**Work required**:
Restate, exactly and without pictures, the lines from the start of the listing below through the line holding "昨年12月20日に、山口県防".

**Recorded information**:

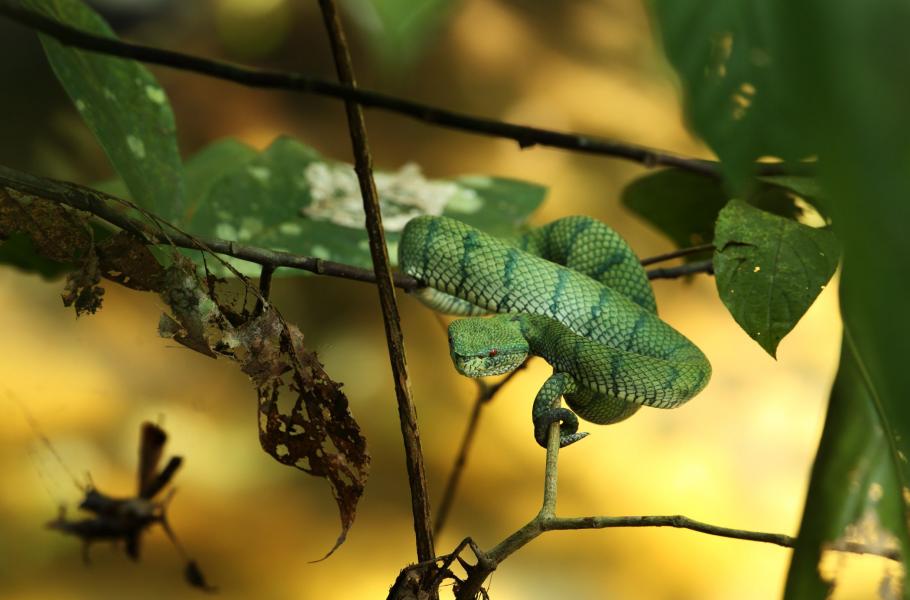 Hned toho dne odpoledne jsme s Attehem prošli okolí centra. Nad řekou Segama létali barevní lobošové žlutočerní (Eurylaimus ochromalus) a vlaštovkám podobní klechové menší (Hemiprocne comata), kousek od nás si na plot sedla vlha červenobradá (Nyctyornis amictus) a i ten slibovaný chřestýšovec Waglerův (Trimeresurus wagleri) na větvi nad potokem pořád ještě ležel. S dalším vysněným druhem, kterým je Danum Valley proslulé, žabkou létavkou černoblannou (Rhacophorus nigropalmatus), to už bohužel nebylo tak jednoduché.
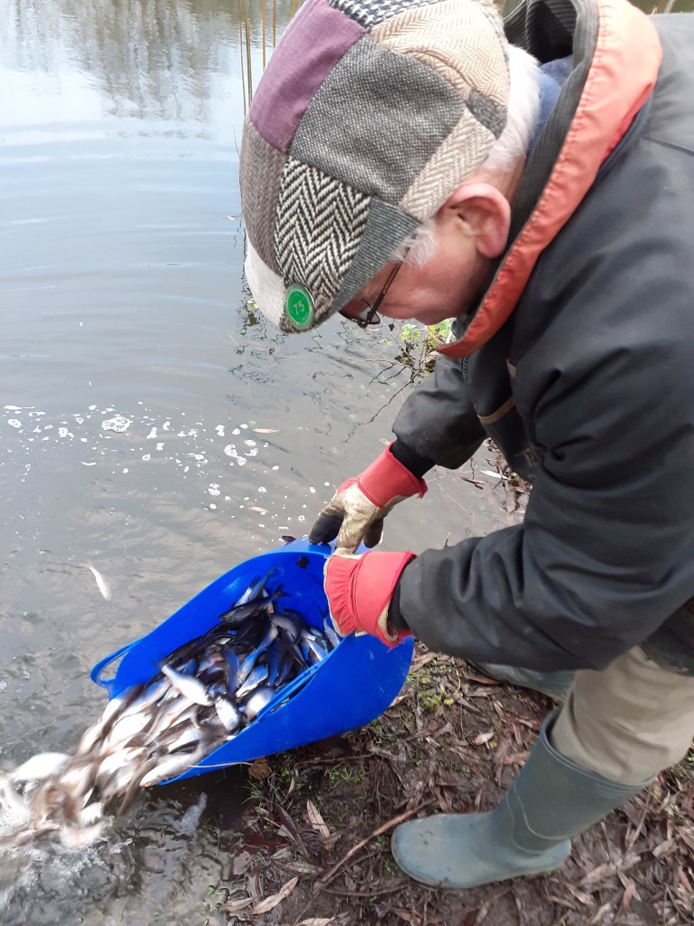 6000 mixed silver fish, nominally 3 – 6 inches; mostly roach, but including some skimmers, perch and the occasional gudgeon were put into the Small Lake. The intention being that these should grow on in the protected environment, where they will receive supplemental feeding, before being transferred into the Main Pit in a year to eighteen months time.
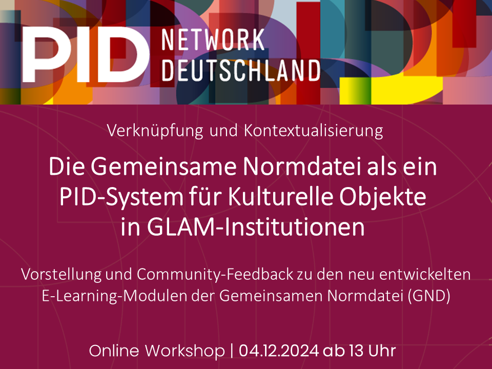 Das Projekt "PID Network Deutschland" organisierte am 04. Dezember 2024 ein Seminar zum Thema „PIDs für kulturelle Objekte und ihre Kontexte“. In dieser Veranstaltung spielte die Bedeutung der GND ("Gemeinsame Normdatei") für die Verbesserung der (Meta)Datenqualität eine zentrale Rolle. PID Systeme wie die GND-ID erlauben nur in Ausnahmefall die Auszeichnungen von Kulturobjekten als Normdatensatz. Nämlich dann, wenn ein entsprechender übergeordneter Referenzierungbedarf besteht. Besonders relevant sind hierbei die GLAM (Galleries, Libraries, Archives, Museums) Institutionen, die durch die Nutzung von GND-Datensätzen das Kontextualisierungspotenzial ihrer Sammlungen erheblich steigern können.
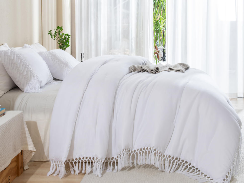 Andency White Comforter Set Queen, 3 Pieces Boho Tassel Lightweight
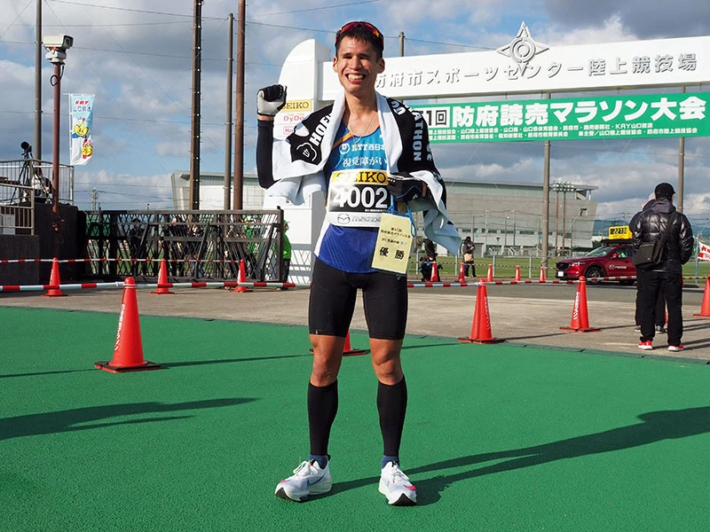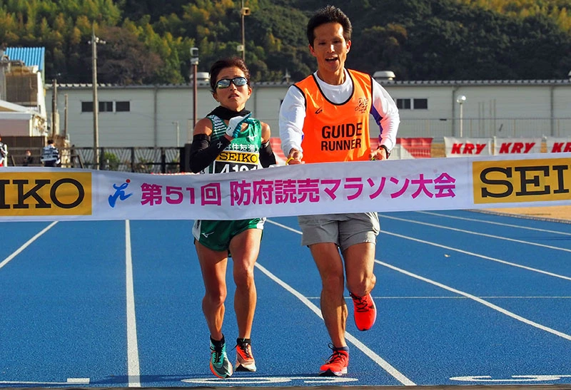 昨年12月20日に、山口県防府市で開かれた第51回防府読売マラソンでは同時に、「第21回日本視覚障がい者マラソン選手権大会」も行われた。日本ブラインドマラソン協会(JBMA)の強化指定選手10名(男子4、女子6)が出場し、うち6選手が自己記録更新を果たした。コロナ禍で多くの大会が中止や延期されるなか、例年より8割以上選手数を減らすなど感染対策を徹底しながら開かれた大会運営への感謝と、走れることの喜びを表現するかのように、ブラインドランナーたちは渾身の力走を見せた。
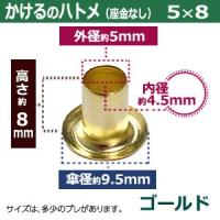 | 足の種類:座金なし本体のみ 品 名:かけるのハトメ5X8【ゴールド】 サイズ:外径5mm 高8mm 内径4.5mm 傘径9.5mm 材 質:真鍮 表面処理:『キリンス処理』 *酸洗いで真鍮本来の色を生かした処理をしています。 表面に黒い斑点が残る場合があります。 商品の色は、ロットごとに異なり画像と違う場合があります。 詳 細:8コ入り1袋 ・ハトメ5X8の特徴 ハトメの穴を内側から測った径:内径4.5mmが、ハトメ300に非常に近い寸法の電気ハトメです。 ハトメ300と同じ工具が使えます。また、ハトメ300足長では、長さが足りなかった場合の代替品 ハトメ300超足長として使われることもあります。*ご注意*工具は、ハトメ300片面用をご使用ください。両面用の工具で打つとハトメが割れます。 使用例として複数枚重ねた木材板を留める、樹脂製ボードの固定や圧着用などで広くご利用いただいています。 ハトメ5×8やハトメ5×10は、日用雑貨用のハトメ300とは異なる電気ハトメですので「座金」と呼ばれる輪っか(ワッシャー)が付属されていません。座金が必要な場合は別途ハトメ300をお買い求めいただき、ハトメ300の座金をつけてお使いください。 また、本体の生地となる真鍮の色をそのまま生かしたキリンス処理によるゴールド色ののみお取扱いしております。 取り付ける際のご注意:高さが8mmですので取り付け対象の厚み合計が6.5mmよりも薄いものにお使いください。 通常、ハトメは取付ける対象となる布や革の合計厚みよりも2~3mm長い高さのものをお勧めしていますが、電気ハトメの場合は座金なしで使うため-1mm程度迄でもカバーします。取り付ける際には、必ず厚さを実測してご確認ください。 ●ハトメの大きさは下記です。 ・かけるのハトメはコチラ ・ハトメはコチラ ・両面ハトメはコチラ ・アイレットはコチラ ●ハトメお得セットは下記です。 ・小袋セット ・リーズナブルなお得セット ■クラフト金具卸のハトメ金具 ハトメは、鳩目とも書き、布・革・シート・紙に等あけた穴の補強具として使われます。 補強しようと思う穴の大きさからハトメの内径を選び、布や紙・革の取り付ける物の合計厚みからハトメの高さをお選びください。 特にハトメの「高さ」については、取り付ける物の合計の厚みにプラス+2mm〜3mmした高さを持つハトメを選ばなければ止まりません。 例:高さ5mmのハトメは革・布の厚み合計が3mmないし2mmのものに適します。ただし、材質により止まり具合は異なりますのでご確認ください。 アイレットは、ハトメの大きなものを言い、カーテンのホール、建設現場のテント、シートのロープ通し用の穴などに使われています。 ●当店では、真鍮製のハトメとアルミ製、ステンレス製のハトメを扱っております。 真鍮製のハトメは、安価な鉄製のハトメと違い、鉄錆を始めとする腐食に強いのが特徴です。アルミ製は、真鍮よりも柔らかく軽い仕上がりになります。 ●ハトメの取り付け方 1.ハトメ抜き・穴あけポンチと呼ばれる工具でハトメの足を通す穴(ほぼ内径と同寸法の穴)をあける。 2.その穴にハトメの足を通し、革(布など)を挟む形でハトメ座をあてます。 3.最後にハトメ足を潰します。ハトメ足を潰すには、A.手打棒と皿で手打ちするかB.専用の駒をセットしたハンドプレスで足を潰す2種類の方法があります。手打ち棒と皿で打つ場合は、制作する方の熟達度合いによっても仕上がりは異なります。力の弱い方は、手打ち工具よりもハンドプレス機をおすすめします。 |

**Solution**:
 Hned toho dne odpoledne jsme s Attehem prošli okolí centra. Nad řekou Segama létali barevní lobošové žlutočerní (Eurylaimus ochromalus) a vlaštovkám podobní klechové menší (Hemiprocne comata), kousek od nás si na plot sedla vlha červenobradá (Nyctyornis amictus) a i ten slibovaný chřestýšovec Waglerův (Trimeresurus wagleri) na větvi nad potokem pořád ještě ležel. S dalším vysněným druhem, kterým je Danum Valley proslulé, žabkou létavkou černoblannou (Rhacophorus nigropalmatus), to už bohužel nebylo tak jednoduché.
 6000 mixed silver fish, nominally 3 – 6 inches; mostly roach, but including some skimmers, perch and the occasional gudgeon were put into the Small Lake. The intention being that these should grow on in the protected environment, where they will receive supplemental feeding, before being transferred into the Main Pit in a year to eighteen months time.
 Das Projekt "PID Network Deutschland" organisierte am 04. Dezember 2024 ein Seminar zum Thema „PIDs für kulturelle Objekte und ihre Kontexte“. In dieser Veranstaltung spielte die Bedeutung der GND ("Gemeinsame Normdatei") für die Verbesserung der (Meta)Datenqualität eine zentrale Rolle. PID Systeme wie die GND-ID erlauben nur in Ausnahmefall die Auszeichnungen von Kulturobjekten als Normdatensatz. Nämlich dann, wenn ein entsprechender übergeordneter Referenzierungbedarf besteht. Besonders relevant sind hierbei die GLAM (Galleries, Libraries, Archives, Museums) Institutionen, die durch die Nutzung von GND-Datensätzen das Kontextualisierungspotenzial ihrer Sammlungen erheblich steigern können.
 Andency White Comforter Set Queen, 3 Pieces Boho Tassel Lightweight
 昨年12月20日に、山口県防府市で開かれた第51回防府読売マラソンでは同時に、「第21回日本視覚障がい者マラソン選手権大会」も行われた。日本ブラインドマラソン協会(JBMA)の強化指定選手10名(男子4、女子6)が出場し、うち6選手が自己記録更新を果たした。コロナ禍で多くの大会が中止や延期されるなか、例年より8割以上選手数を減らすなど感染対策を徹底しながら開かれた大会運営への感謝と、走れることの喜びを表現するかのように、ブラインドランナーたちは渾身の力走を見せた。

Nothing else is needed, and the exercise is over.